++++ EXERCISE INPUTS

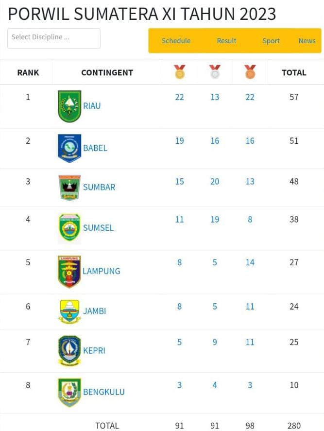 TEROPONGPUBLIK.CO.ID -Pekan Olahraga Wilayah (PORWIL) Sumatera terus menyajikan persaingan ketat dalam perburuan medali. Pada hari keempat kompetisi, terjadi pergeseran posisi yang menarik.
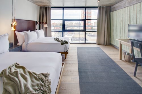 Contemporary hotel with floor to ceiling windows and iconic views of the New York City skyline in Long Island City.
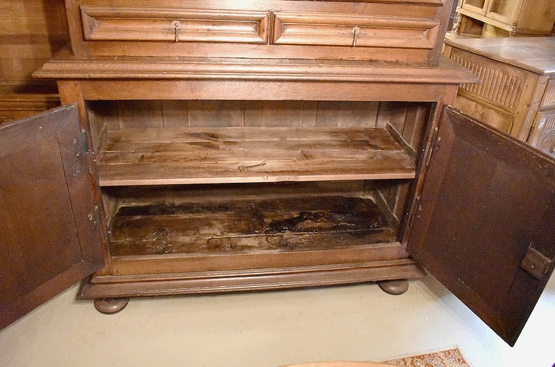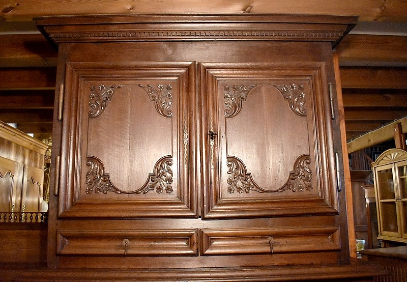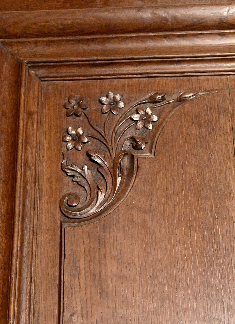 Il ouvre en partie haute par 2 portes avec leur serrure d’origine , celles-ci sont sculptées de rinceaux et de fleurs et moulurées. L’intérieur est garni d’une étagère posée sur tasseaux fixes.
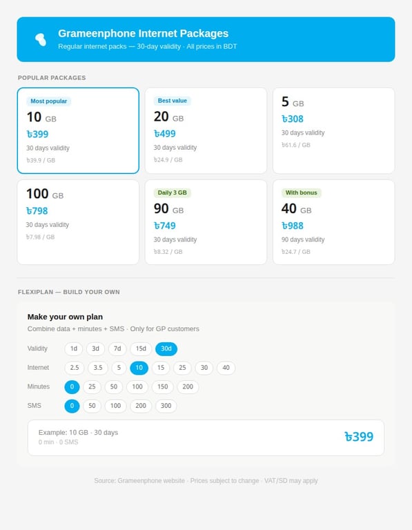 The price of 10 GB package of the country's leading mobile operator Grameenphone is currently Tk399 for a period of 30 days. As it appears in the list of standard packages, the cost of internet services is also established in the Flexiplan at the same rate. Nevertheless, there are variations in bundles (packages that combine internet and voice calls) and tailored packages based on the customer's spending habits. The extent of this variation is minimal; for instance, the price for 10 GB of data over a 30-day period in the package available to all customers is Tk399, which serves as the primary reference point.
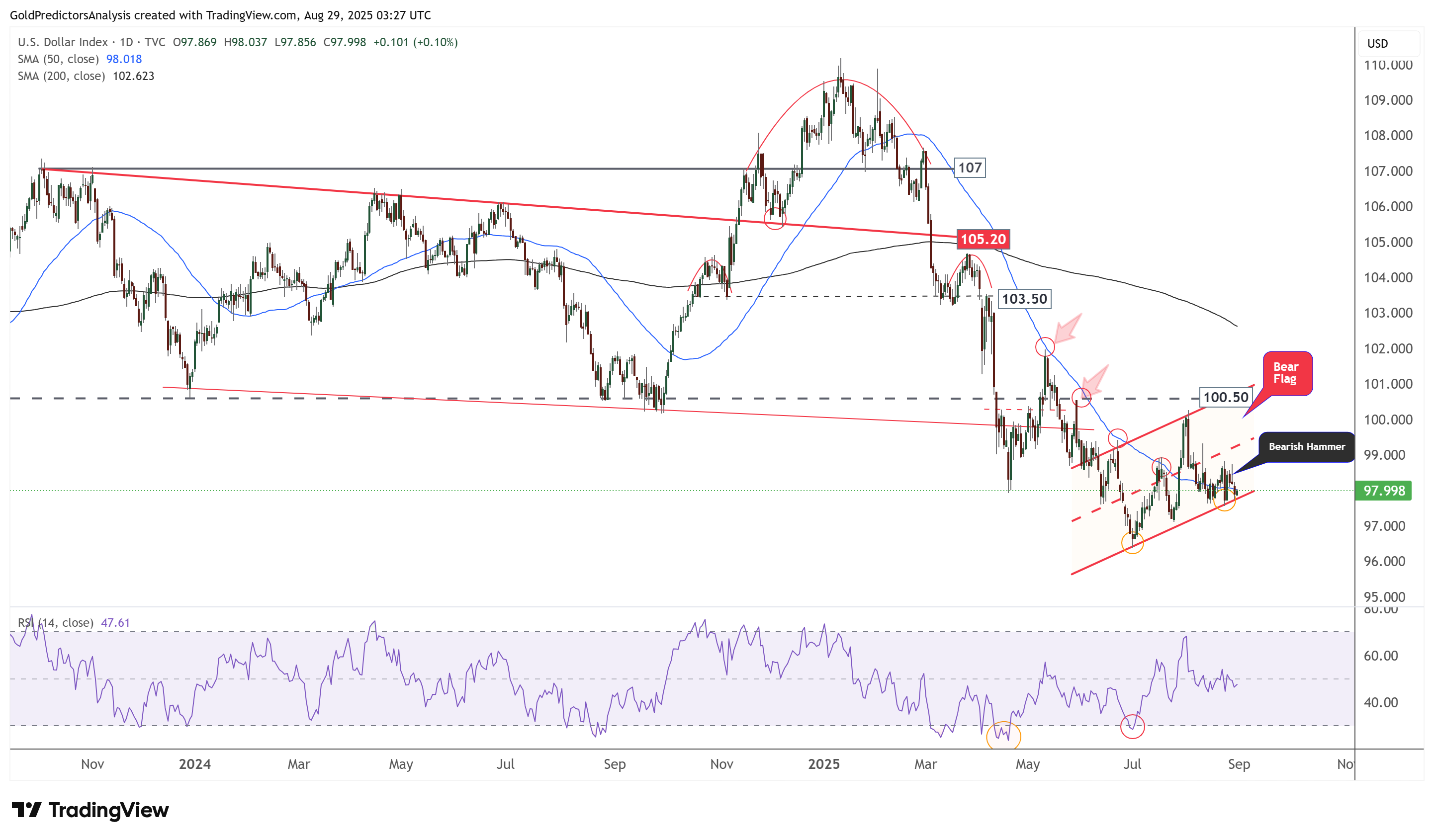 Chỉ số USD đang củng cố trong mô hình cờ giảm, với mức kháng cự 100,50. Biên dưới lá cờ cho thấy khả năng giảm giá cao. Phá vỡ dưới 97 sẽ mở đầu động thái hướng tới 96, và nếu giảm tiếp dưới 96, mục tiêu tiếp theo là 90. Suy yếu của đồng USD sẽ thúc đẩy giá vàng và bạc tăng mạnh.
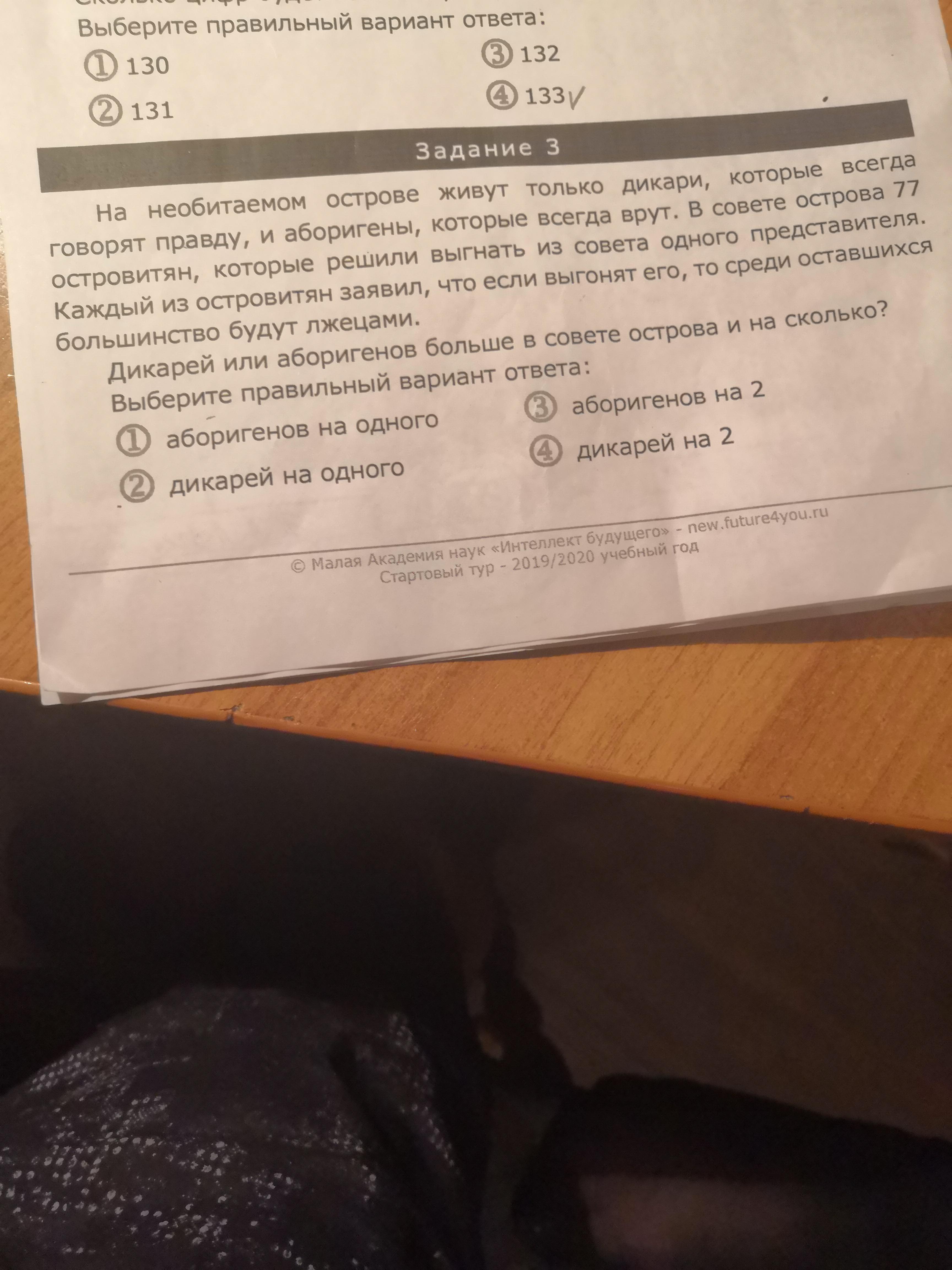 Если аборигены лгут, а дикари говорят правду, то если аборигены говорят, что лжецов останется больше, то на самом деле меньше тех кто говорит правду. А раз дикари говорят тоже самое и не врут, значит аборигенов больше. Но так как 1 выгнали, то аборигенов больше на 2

++++++++

WHAT TO DO —
Excluding the pictures, output every entry above without alteration.

COMPLETED EXERCISE —
 TEROPONGPUBLIK.CO.ID -Pekan Olahraga Wilayah (PORWIL) Sumatera terus menyajikan persaingan ketat dalam perburuan medali. Pada hari keempat kompetisi, terjadi pergeseran posisi yang menarik.
 Contemporary hotel with floor to ceiling windows and iconic views of the New York City skyline in Long Island City.
 Il ouvre en partie haute par 2 portes avec leur serrure d’origine , celles-ci sont sculptées de rinceaux et de fleurs et moulurées. L’intérieur est garni d’une étagère posée sur tasseaux fixes.
 The price of 10 GB package of the country's leading mobile operator Grameenphone is currently Tk399 for a period of 30 days. As it appears in the list of standard packages, the cost of internet services is also established in the Flexiplan at the same rate. Nevertheless, there are variations in bundles (packages that combine internet and voice calls) and tailored packages based on the customer's spending habits. The extent of this variation is minimal; for instance, the price for 10 GB of data over a 30-day period in the package available to all customers is Tk399, which serves as the primary reference point.
 Chỉ số USD đang củng cố trong mô hình cờ giảm, với mức kháng cự 100,50. Biên dưới lá cờ cho thấy khả năng giảm giá cao. Phá vỡ dưới 97 sẽ mở đầu động thái hướng tới 96, và nếu giảm tiếp dưới 96, mục tiêu tiếp theo là 90. Suy yếu của đồng USD sẽ thúc đẩy giá vàng và bạc tăng mạnh.
 Если аборигены лгут, а дикари говорят правду, то если аборигены говорят, что лжецов останется больше, то на самом деле меньше тех кто говорит правду. А раз дикари говорят тоже самое и не врут, значит аборигенов больше. Но так как 1 выгнали, то аборигенов больше на 2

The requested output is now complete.